# The Scale of Life



## matseski (May 23, 2012)

This is a quick series I did highlighting the vast scales of life, ranging from the oceans of the world to the microorganisms that inhabit it.

1 Life#1






2 Life#2





3 Blue Planet





Looking for criticism, thoughts, suggestions, or any commentary!
Any guesses as to what the images are actually of might be fun too..

Thanks for looking


----------



## Dracaena (May 28, 2012)

What are we looking at? Looks interesting


----------



## Skaperen (May 29, 2012)

Looks to me like cell protoplasm features.


----------



## Joel_W (May 30, 2012)

Out of the set of 3, I much prefer pic #3 as it's colors really makes your image pop. The 1st two pictures just look more like what I would expect to see in a textbook.


----------



## EDL (May 30, 2012)

Vast scales?  It all looks like views through a microscope.  Where's the vastness?


----------



## 480sparky (May 30, 2012)

EDL said:


> Vast scales?  It all looks like views through a microscope.  Where's the vastness?

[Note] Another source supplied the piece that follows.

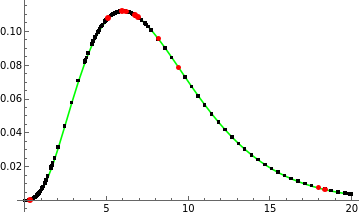 func@x_=PDF[GammaDistribution[4,2],x]gr1=Plot[func@x,{x,0,20},PlotStyleGreen];pts=First@Cases[gr1,Line@pts_pts,Infinity];gr2=ListPlot[pts,PlotStyleRed];exactSample={#,func@#}&/@(Rationalize[#,10^-24]&@@@Sort@RandomSample[pts,10]);Show[gr1,ListPlot[pts,PlotStyleBlack],ListPlot[exactSample,PlotStyleRed]]

Even what the human eye can see through a microscope is pretty big, compared to everything else.


----------



## matseski (May 31, 2012)

Maybe vastness wasn't the correct wording.  I am trying to build a series of images that conveys the continuum of the various scales of life, from the microorganism to entire planets.  These particular images are the result of trying to clean LOR off a silicon wafer with acetone (hint...it doesnt work). There is nothing alive about these images, but I felt they adequately described two ends of the spectrum which I am trying to define, cellular components and the whole planet.  In all actuality, the B&W images are pretty close to their natural coloration in Blue Planet was derived in post to give the impression of the classic shot of a sunrise on earth from space.  

I've been working like crazy lately, but hopefully I'll make a few more mistakes and be able to explore this concept more fully in the coming weeks.  Keep an eye out!

Its mind boggling to comprehend the idea of 62 orders of magnitude...


----------